Twenty3 Data Pipelines

2021-present

Tech/Skills

Summary

Twenty3's products rely on data from multiple football data providers, each with their own schemas, endpoint structures, and offerings. I have been responsible for maintaining and building on the data pipelines that ingest, transform, and serve this data across the company's products.

The pipelines need to handle everything from live match data arriving in near-real-time to large historical backfills, all while maintaining a suite of products that works across providers. This is particularly challenging with event data for visualisations, where the differences between data providers is largest.

Learnings

Failure states and validation

One of the most common problems, I think, are rare or unforeseen issues from the data providers which affect the data pipeline downstream. Some kinds of missing events or erroneous statistics might be fine, but if a team lineup in a match is incorrect, that cascades through a variety of processes.

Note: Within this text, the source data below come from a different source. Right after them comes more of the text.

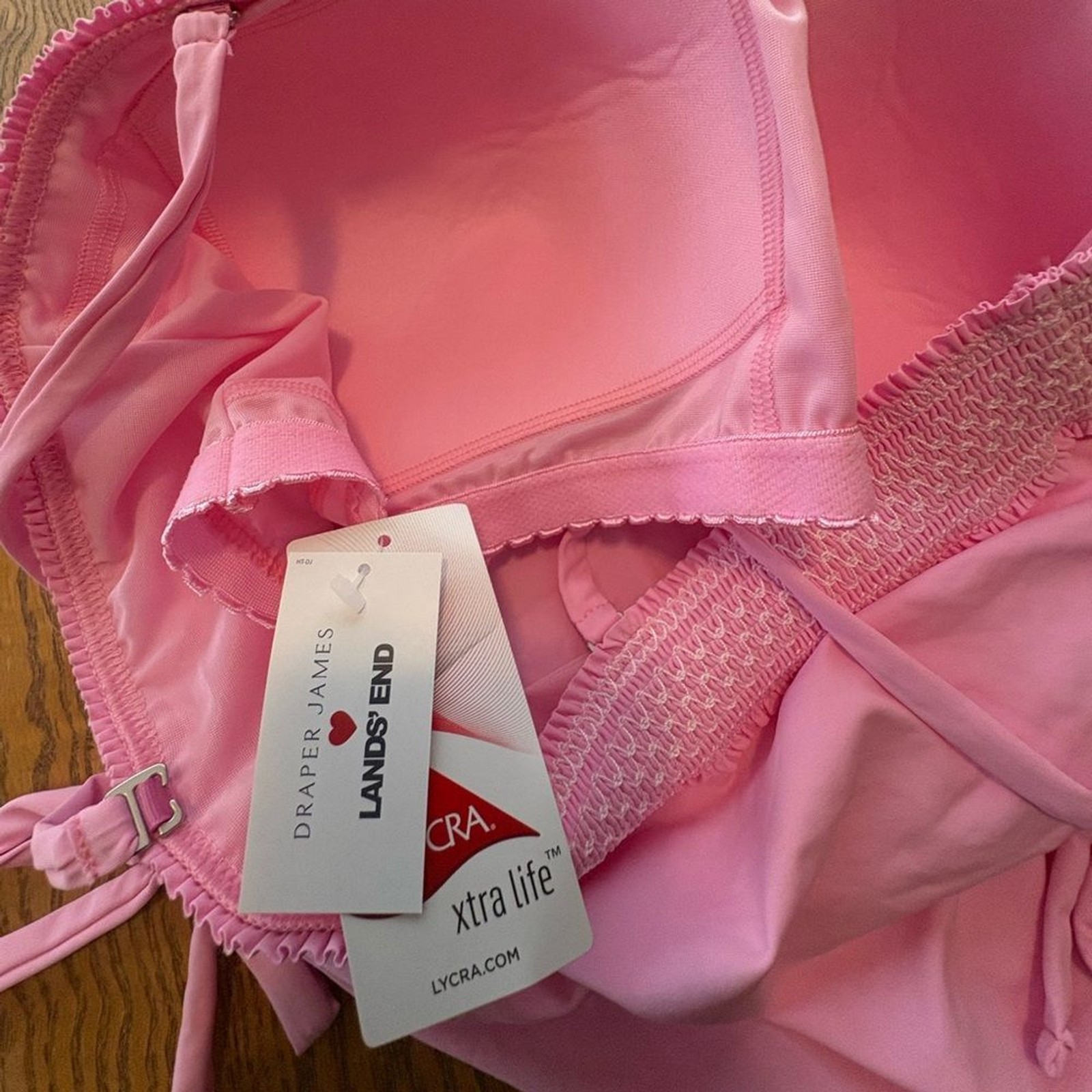 как выглядит Draper James x Lands End Tankini Swimsuit Top Womens Pink Smocked Tie NWT 16 фото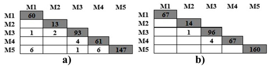 A total of 414 violation records were indexed by the alarm system in 2014. Some of them appeared simultaneously. Figure 7a presented the frequencies of violation records at different sites. The diagonal values in the lower triangular matrix displayed the frequencies of violation records at a single site, and the others were the frequencies of simultaneous violation records at two sites. It could be seen from Figure 7a that 414 violation records, only, shared 394 h. Forty violations occurred simultaneously at two sites and covered 20 h. Only one violation record appeared at M1 and M3 simultaneously, and the same with the frequency at M3 and M5; six violation records simultaneously appeared at M1 and M5, which was the same as at M4 and M5; the violation records at M2 shared four hours with those at M3.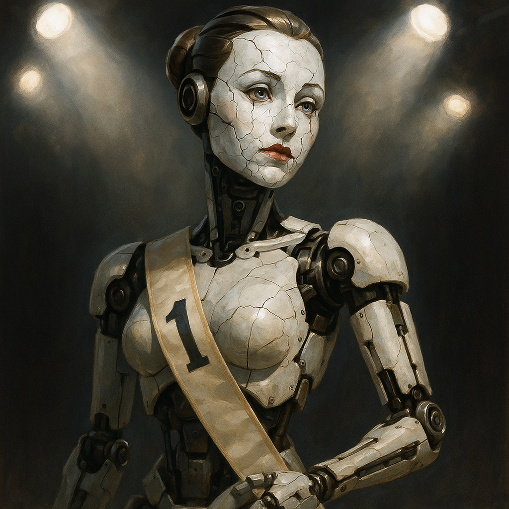 A robotic beauty pageant contestant with a cracked porcelain face, numbered sash, and mechanical limbs, standing under harsh stage lights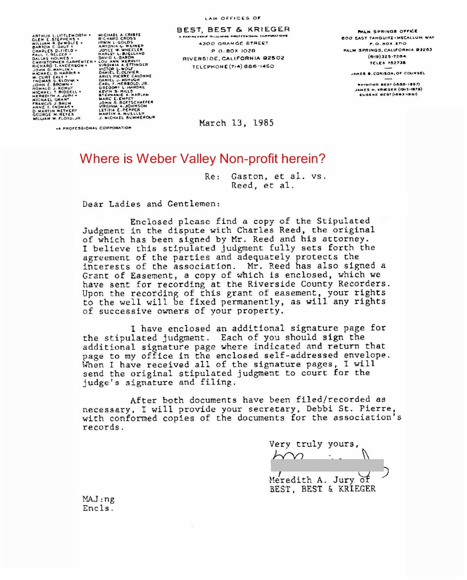 March 13, 1985 an Attorney's notice letter was delivered to property owners and Weber Valley is not named in that letter. How did the rights to the well property pass to the defunct Association? They didn't.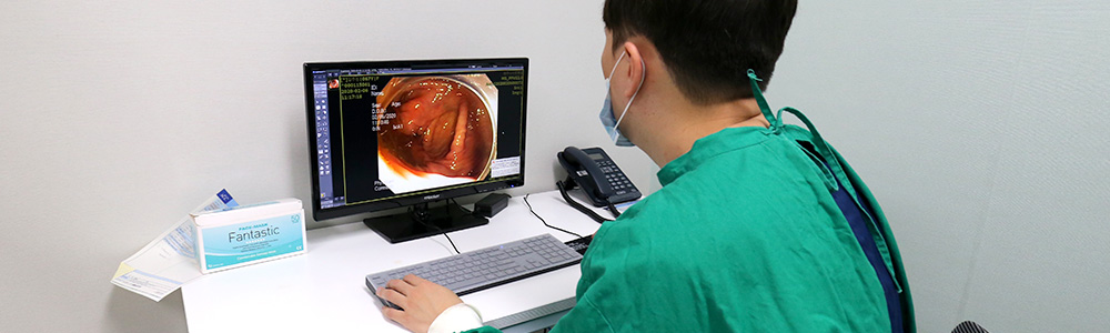 검사 직전 장운동 억제를 위한 주사를 맞고 위와 십이지장의 거품 제거제를 복용합니다.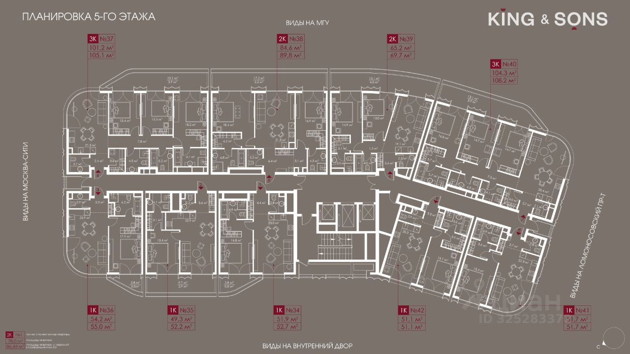KING & SONS это клубный дом на 117 резиденций премиум-класса, расположенный на престижной и исторической улице Мосфильмовская. Из большинства квартир открываются панорамные виды на МГУ, "Москву-Сити", особняки посольств и парки. Это место для тех, кто не хочет выбирать между комфортом мегаполиса и уединением на природе. Проект разработан японским архитектурным бюро NIKKEN. Фасады из натурального камня, мягкие формы здания, максимально открытое остекление, окна в пол — все это делает облик здания выразительным и уникальным. В проекте предусмотрено 70% квартир с террасами. Потолки от 3,2 до 4,7 м. Паркинг на 110 машиномест. Для будущих резидентов продуманы разнообразные общественные пространства зимний сад в лобби первого этажа, секретный сад с зоной открытого огня, лаундж-зона с кинотеатром на крыше, собственный спортзал, зоны для занятий йогой и медитацией. KING & SONS это фамильная недвижимость, которую с гордостью передают по наследству, как искусство и бриллианты.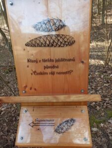 Děti se například seznámí s některými zdejšími lesními zvířaty a porovnají s nimi svůj krok či skok. Která z nich obývají strom se dozví na jiném zastavení. Dále při cestě spočítají letokruhy na pařezu a pokusí se odhadnout stáří obřího dubu. Že není šiška jako šiška děti poznají hned na dvou zastaveních. Na dřevěném „stromofonu“ si vyzkouší, jak dřevo nese zvuk. Vyhlídka na horu Kozákov odhalí její tajemství. A když vede cesta kolem rybníka, nesmí chybět zkoumání vodních živáčků. Kde se bere pod skalami voda a jak chutná, děti zjistí na zastaveních u pramenné stezky. A to zdaleka není všechno 🙂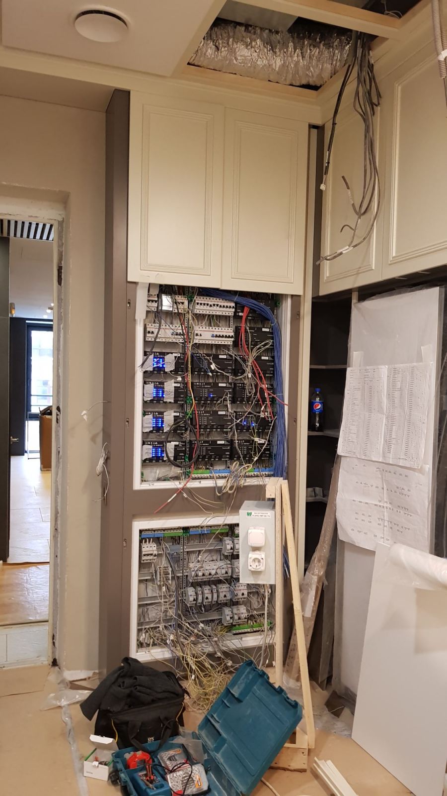 Параллельно с финишной отделкой стен и остальных поверхностей были реализованы технические решения. Инженеры «ТопДом» смонтировали внутри квартиры распределительный электрический шкаф. Он делает безопасной эксплуатацию домашней электросети, защищает проводку и бытовую технику от коротких замыканий, контролирует нагрузку от мощных приборов: стиральной машины, кондиционера, бойлера. Заказать электропроект с учетом пожеланий заказчика, технических условий на объекте и последующим согласованием вы можете в нашей компании.

In some ways, managing a data pipeline can be an exercise in practical pessimism: what could go wrong, what impact could that have, and how should that impact be dealt with or averted. That can mean taking a flexible approach to validation of the incoming data, because sometimes data providers don't follow their docs and you've just gotta deal with it.

Data updates, cleanliness, and observability

As football data can be hard to collect quickly and accurately, it's common for it to update after initial collection, which needs to be ingested in a timely manner (particularly as several clients use live data). It's important to be able to do this, and to have an overview of the state of play of the data.

Deeper dive

There's a really interesting sense, that I'm sure there's a word of in some language, for trying to keep something as flexible as possible while being as solid as necessary, concrete enough to be built on but with possible connections for changes or extensions that may arrive in the future. People talk about re-building the aeroplane while it's in the air, but working on a data pipeline (with football data, in the current fast-moving era in football, at least) feels like re-building an aeroplane which may, at any moment, be required to be adapted for a water landing or to be changed into a helicopter.

The mindset of architecting a data system, which requires solid tangible features but a mind to a myriad possible futures, is wild.